The increases are attributed to more expensive repair costs as cars become more advanced, a shortage of skilled technicians and the price of energy.

But of that £561, £60 is now typical IPT. That is a big blow for motorists who already pay fuel excise and road tax.

According to the latest figures, home and contents insurance rose by 10 percent, while pet insurance rose slightly last year.

While it is difficult to predict whether cover costs will continue to rise, this has been the case so far this year – and given the financial year starts in April, there is a very good chance that the total IPT bill for 2023/2024 will increase .

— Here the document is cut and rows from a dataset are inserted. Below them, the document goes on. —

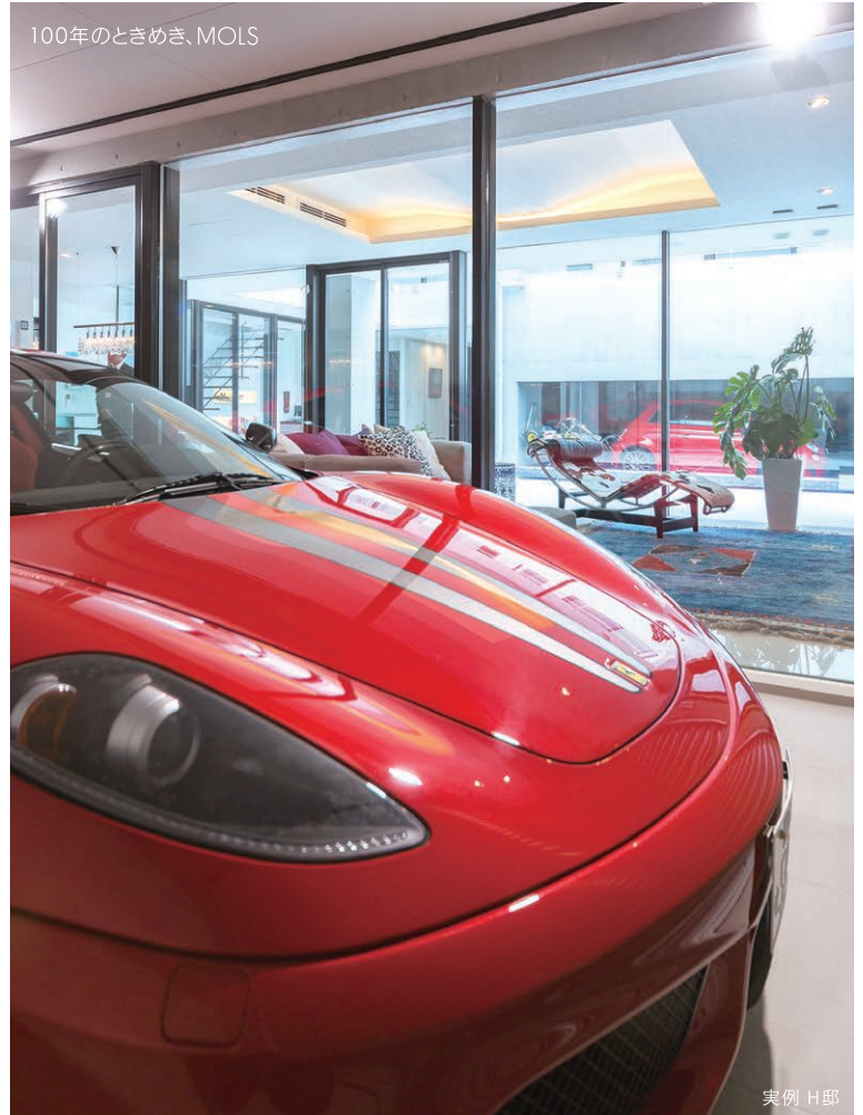
事例1 愛車に酔える、ビルトインガレージ 車の魅力を引き出せるよう空間を自由にデザインし、美術品のように愛車を守る特別なビルトインガレージ。自宅でも自分の好きな車を最大限に楽しめる空間づくりを叶えられました
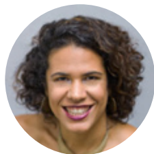
Mediação: Julia Vidal

A Moda é uma forma de expressão identitária e cultural. A identidade brasileira se fez em meio à exclusão de identidades como a negra e a indígena. A moda contemporânea pode ser um gesto de resistência e reparação, valorizando práticas e saberes africanos e indígenas.
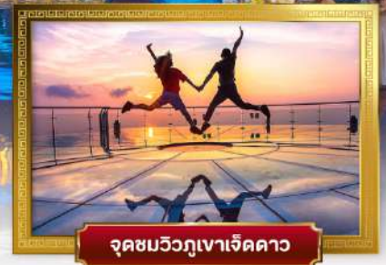
จุดชมวิวกูภูเขาเจ็ดดาว
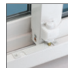
Cerradura con sistema de bloqueo con perno
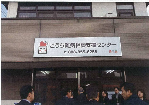
平成29年1月19日 高知県難病相談センター
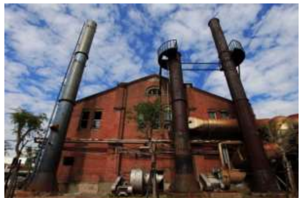
อาคารของสวนมรดกทางวัฒนธรรม กระทรวงวัฒนธรรม เดิมเป็นโรงงานผลิตสุรา
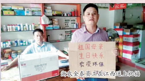
惠多利员工在江西送上祝福
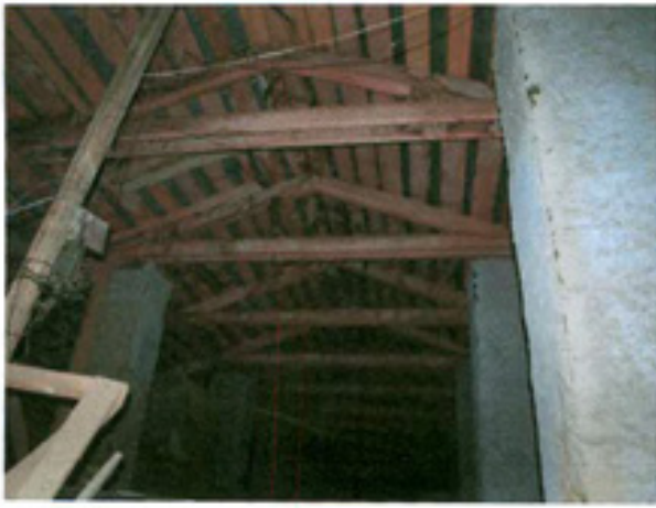
სურ. 25 სხვენის კონსტრუქცია
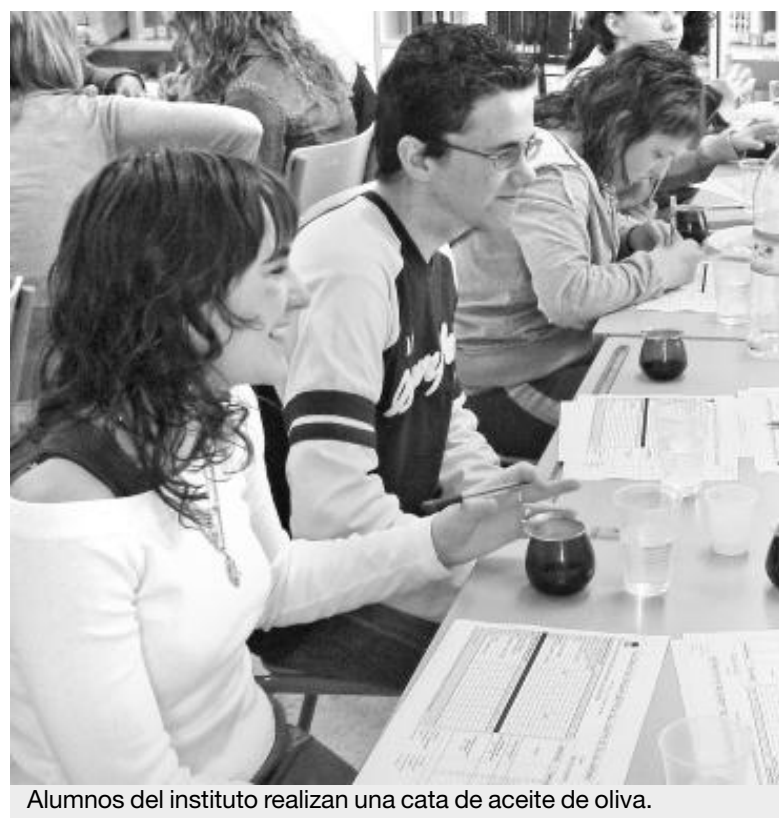
Alumnos del instituto realizan una cata de aceite de oliva.

La empresa ofrece al sector oleícola la caracterización de sus aceites de oliva virgen y asesoramiento para mejorar la calidad. Para ello, cuenta con expertos catadores. Uno de sus objetivos es la organización de jornadas de divulgación sobre diferentes aspectos, como la salud y la tradición de los aceites de oliva. ■
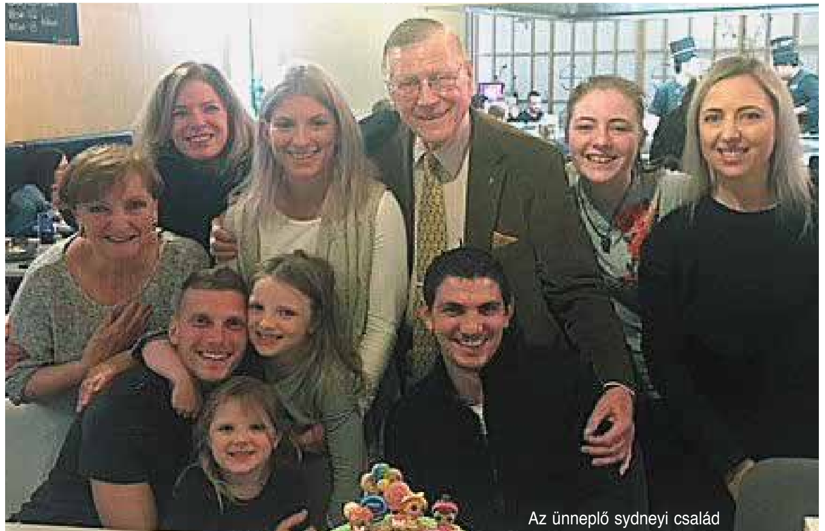
Az ünneplő sydneyi család

Mindhárom előadás a magyar nyelv tanításának korszerűsítésével foglalkozott, mind nyelvészeti, mind adminisztratív vonatkozásban. Sokat tanultunk az előadottakból. Mindhárom előadás kézírata birtoklomban van.
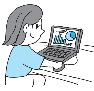
メディアリテラシー向上への取組みは

問 規制強化の動きが相次いでいるがメディアから遠ざけることには限界がある。実状を的確に捉え、子どもたちのメディアリテラシーの醸成が必要では。
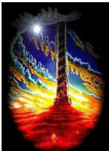
LA TORRE OSCURA 3
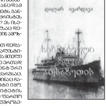
ალბათ მომავალ თარგმანს ხშირად შეგვხვება კითხვა...
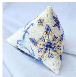
Berlingot Etoile Frosty

Ces modèles et bien d'autres encore sont disponibles sur le site Creative Poppy www.creativepoppy.fr
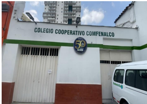
Figura 6. Entrada posterior por la carrea 22 con calle 37 y 38
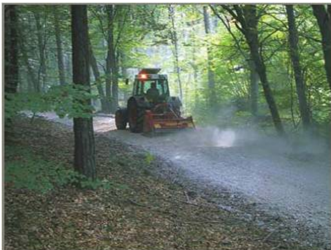
Zdrobirea si maruntirea pietrelor mari de pe un drum forestier
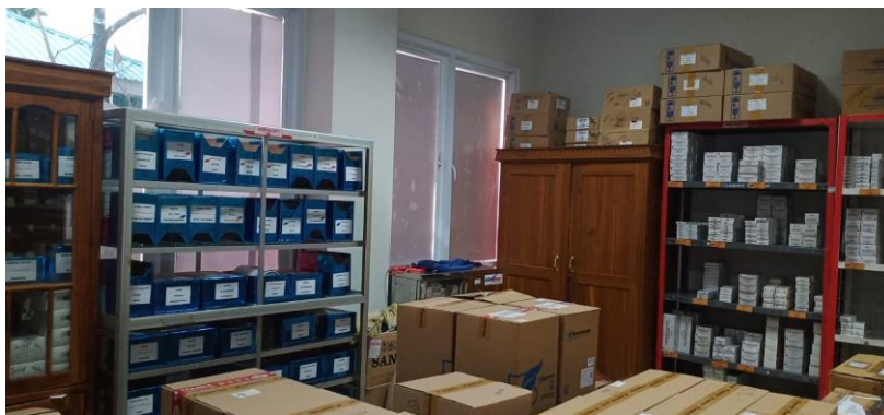
Gudang penyimpanan obat narkotik dan psikotropik

The ABI, the trade organization that represents insurers, is fighting back in the run-up to the Autumn Declaration on November 22.

It is now calling on Chancellor Jeremy Hunt to consider reducing the rate of the IPT – “the government could help motorists with an immediate cost reduction by reducing the IPT,” says Mervyn Skeet, director of general insurance at the ABI.

The ABI told me: ‘We have long said that IPT is an attack on those responsible, punishing people who protect themselves from financial shocks.

‘The UK has one of the highest IPT rates in Europe and it is important that customers are aware of the impact this has on insurance costs.

‘As businesses and households across the country continue to face cost-of-living challenges, now is the time for the government to relieve some of that pressure and consider reducing taxes.’

It’s hard to argue with that: the ball is in your court, Mr. Hunt.